To use custom templates:
```powershell
python scripts/analyze_template.py path/to/custom.pptx
```
## Error Handling
- **Retry Policy**: Max 3 attempts per phase
- **Escalation**: After 3 failures → human intervention
- **Recovery**: `scripts/resume_workflow.py` to resume from specific phase
## Advanced Features
### Diagram Generation (pptxgenjs)
```javascript
// Create architecture diagrams with shapes and arrows
node scripts/create_pptx.js
```
### Slide Merging
```powershell
# Merge diagram slides into template
python scripts/merge_slides.py template.pptx diagrams.pptx output.pptx
```
### Content Summarization
```powershell
# Reduce slide count with AI summarization
python scripts/summarize_content.py content.json --target-slides 15
```
## Agents
Detailed agent definitions in `references/agents/`:
| Agent | File | Purpose |
| ------------- | ------------------------ | ---------------------------------------------------- |
| Orchestrator | `orchestrator.agent.md` | Pipeline coordination, state management, retry logic |
| Brainstormer | `brainstormer.agent.md` | Interactive ideation → proposal.json |
| Localizer | `localizer.agent.md` | Translation (EN ↔ JA) |
| Summarizer | `summarizer.agent.md` | Content summarization, slide count reduction |
| JSON Reviewer | `json-reviewer.agent.md` | content.json quality assurance |
| PPTX Reviewer | `pptx-reviewer.agent.md` | Final PPTX quality assurance |
## References
Detailed documentation in `references/`:
- **SCRIPTS.md**: Complete script reference and usage examples
- **USE_CASES.md**: Detailed workflows for common scenarios
- **Agents**: `references/agents/*.agent.md` - Agent definitions
- **Instructions**: `references/instructions/*.instructions.md` - Workflow rules
- **Schemas**: `references/schemas/*.schema.json` - JSON schemas
- **AGENTS.md**: Architecture overview and design principles
## Common Use Cases
- **Tech Blog → PPTX**: Convert Zenn/Qiita articles to presentations (15-20 slides, ~5 min)

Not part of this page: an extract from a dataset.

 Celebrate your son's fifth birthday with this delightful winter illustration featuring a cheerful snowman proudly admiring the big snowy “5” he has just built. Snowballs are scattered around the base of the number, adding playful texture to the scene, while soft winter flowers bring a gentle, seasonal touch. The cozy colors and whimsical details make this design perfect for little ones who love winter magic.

- **English → Japanese**: Translate presentations maintaining design (~15 min for 120 slides)
- **Report Generation**: Create business reports from notes + charts (~10 min)

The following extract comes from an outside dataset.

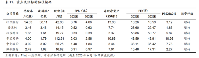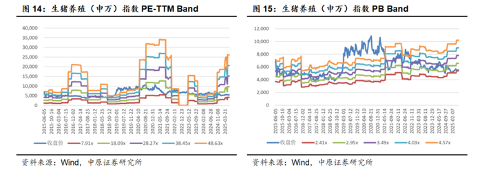 行业展望:1、生猪养殖:从产能来看,能繁母猪存栏量和全部生猪存栏量处于较高水平,2025年1-4月仔猪供应量呈现增长态势,预计下半年市场生猪供应仍较为充足。从需求端来看,加征美国猪肉关税这一举措或导致进口冻品数量下降,侧面推动国内屠宰量增加,叠加下半年将进入猪肉传统消费旺季,预计2025年下半年行业或进入供需双增的局面。随着宏观调控下产能逐步去化至合理水平,市场供需关系有望进一步改善,行业龙头将率先受益。2、动保:从短期来看,畜禽产能的高位运行导致动保产品需求饱满,随着畜禽养殖行业进入上行周期,动保行业业绩有望受到支撑;从中期来看,非瘟疫苗上市后动保行业市场规模将打开增量空间;从长期来看,下游畜禽养殖行业规模化提升将持续推动动保产品需求的增长。3、种业:近年来行业法规和配套政策密集出台,生物育种商业化政策明朗。种植业估值处于历史相对低位,前期负面情绪释放完成,面对生物育种潜在市场空间,当前种业板块具备明显投资价值。2024年是我国生物育种元年,前期通过品种初审的种企已经获得生产经营许可证书,相关上市公司有望受益于行业集中度和利润率的双重提升。4、宠物食品:受益于人口结构变化和居民生活水平提升,中国宠物食品行业市场规模仍有较大增长空间。根据销售数据统计,我国宠物食品行业呈现出线上占比提升和国产替代深化的趋势。参照海外成熟宠物市场,随着我国宠物食品行业国产替代的加深,相关上市公司市场份额仍有较大增长空间。

- **Technical Training**: Convert API docs to training material with code examples (~8 min)
- **Architecture Diagrams**: Generate custom diagrams and merge into templates (~5 min)
See `references/USE_CASES.md` for detailed workflows and examples.
## Limitations
- **Language Support**: Primarily English ↔ Japanese (extendable)
- **Image Formats**: PNG, JPG, JPEG (no SVG/GIF animation)
- **Code Blocks**: Best with pptxgenjs method
- **Template Compatibility**: Works with standard PowerPoint templates (16:9 recommended)
## Troubleshooting
Common issues documented in repository's `docs/TROUBLESHOOTING.md`.
**Quick checks:**
```powershell
# Validate content.json
python scripts/validate_content.py output_manifest/xxx_content.json
# Diagnose template
python scripts/diagnose_template.py templates/xxx.pptx
# Check PPTX quality
python scripts/validate_pptx.py output_ppt/xxx.pptx
```
## License
This skill is licensed under CC BY-NC-SA 4.0. See LICENSE.txt for full terms.
---
**Note**: This skill orchestrates a complex multi-agent pipeline. For best results, follow the PLAN phase confirmation process and use the Orchestrator agent as the entry point.